Regression – Using Lasso for Feature Selection Followed by a Non-Regularized Regression

feature selectionlassologisticregression

I use Lasso logistic regression in order to identify a smaller subset of important variables. I start with N=51 (28/23) and 32 predictors.

So far it looks pretty promising, because I can identify four important predictors in my optimal model.

Now I would like to take those four predictors and examine them along with some control variables in a standard logistic regression.

My question is, does that analysis strategy make sense? Is there a better way to include controls or other variables that might be interesting?

For a better understanding:

  1. Identify important variables via Lasso logistic regression

  2. Do further analysis including identified predictors and other control variables using standard logistic regression (using AIC to check model fit)

Best Answer

Note that there exist multiple iterative LASSO procedures, so in general, it is not necessarily true that you should stick with the first LASSO estimates.

For example:

  • Post-LASSO-OLS: see Belloni, Chernozhukov (2013) Least squares after model selection in high-dimensional sparse models, Bernoulli 19(2), 2013, 521–547. Also known as the LASSO-OLS hybrid (Efron et al 2004, Least angle regression. Annals of Statistics 32 407–451)

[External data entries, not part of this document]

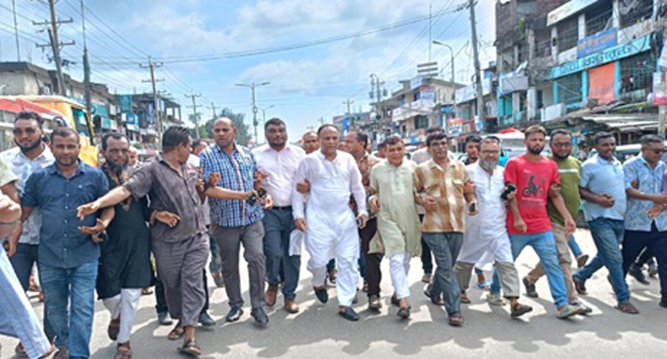 বৃহষ্পতিবার বিকেলে বিএনপির কেন্দ্রীয় ঘোষিত কর্মসূচির অংশ হিসেবে ছাত্রজনতার উপর গুলি চালিয়ে হত্যাকারী খুনি শেখ হাসিনা সহ তার দোসরদের বিচারের দাবিতে গোলাপগঞ্জ উপজেলা সদরে গোলাপগঞ্জ পৌর বিএনপি আয়োজিত অবস্থান কর্মসূচিতে প্রধান অতিথির বক্তব্যে তিনি এসব কথা বলেন।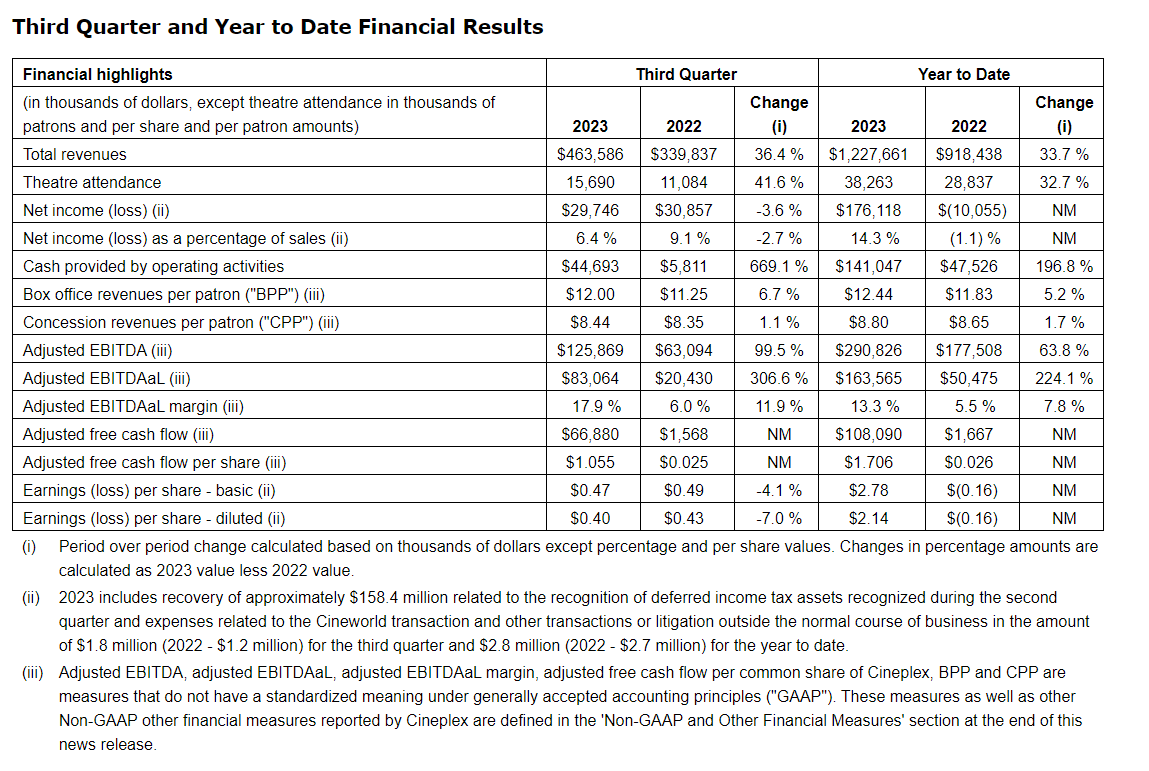 Cineplex Inc. has released its financial results for the three and nine months ended Sept. 30, 2023.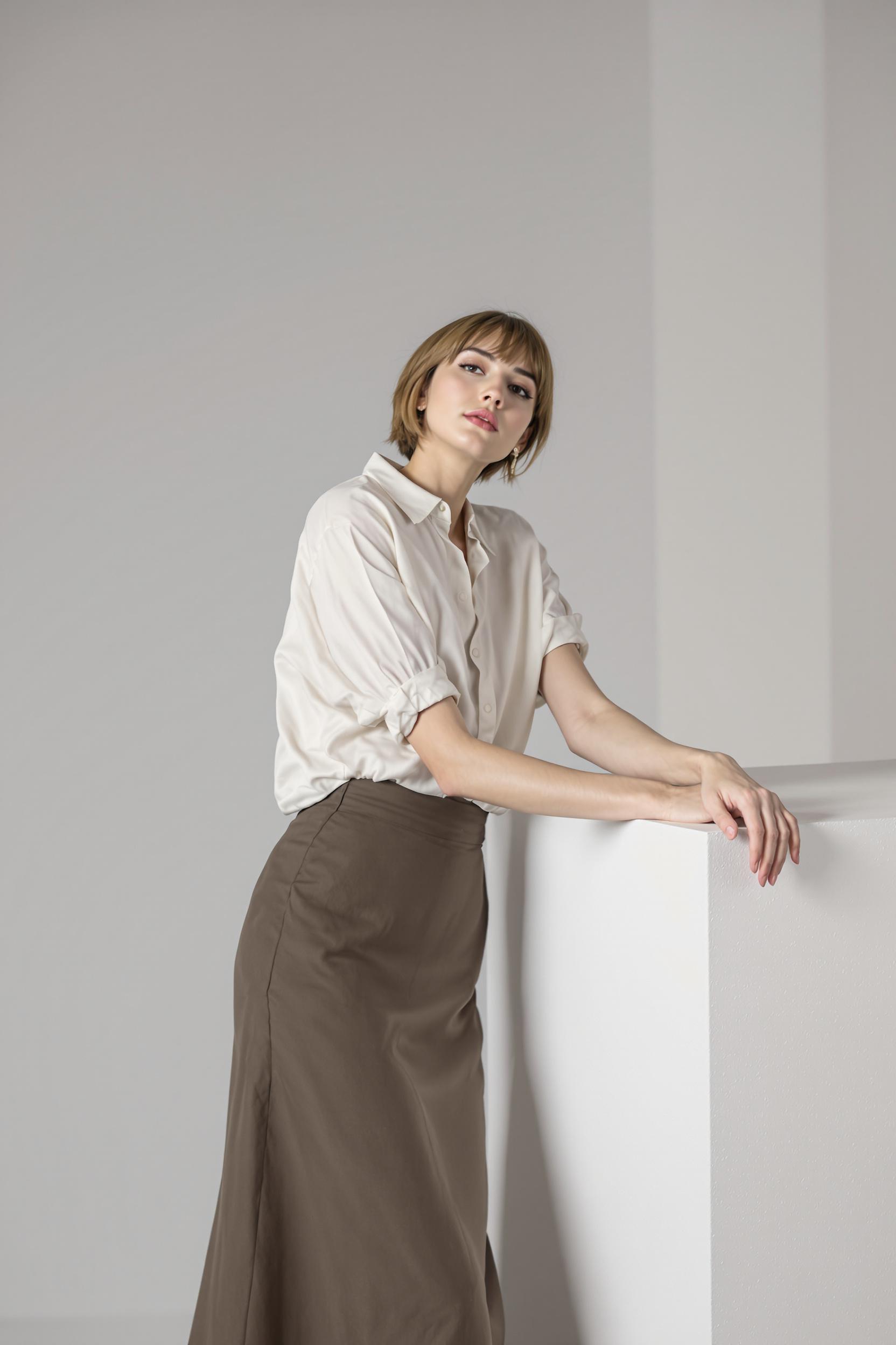 Женщина с короткими каштановыми волосами в лаконичной светлой блузе и прямой юбке, стоит полубоком у низкого белого куба, слегка опираясь на него локтем, средний план, уверенный взгляд в камеру, вокруг минималистичная белая циклорама, мягкий свет.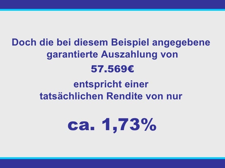 8. 9. Doch die bei diesem Beispiel angegebene garantierte Auszahlung von 57.569€ entspricht einer tatsächlichen Rendite von nur ca. 1,73%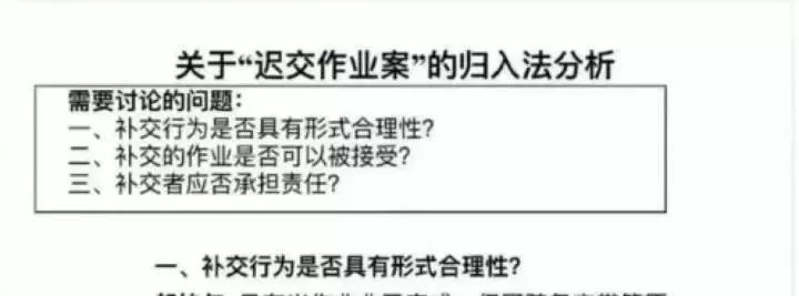 在收到许同学的《论迟交作业之合理性》之后,马老师反手又回了一份《 关于 “ 迟交作业案 ” 的归入法分析 》。

  • Adaptive LASSO (Zou 2006), eventually multiple stages (Bühlman, Meier 2008). Two-stages (or more), both using a CV procedure, the second step using a modified (re-weighted) penalty.

  • Relaxed LASSO (Meinshausen 2007), on a bunch of subsets computed by initial LASSO

Now in general, I would use one of these procedures to decide whether or not to add more variables, instead of a BIC model selection procedure.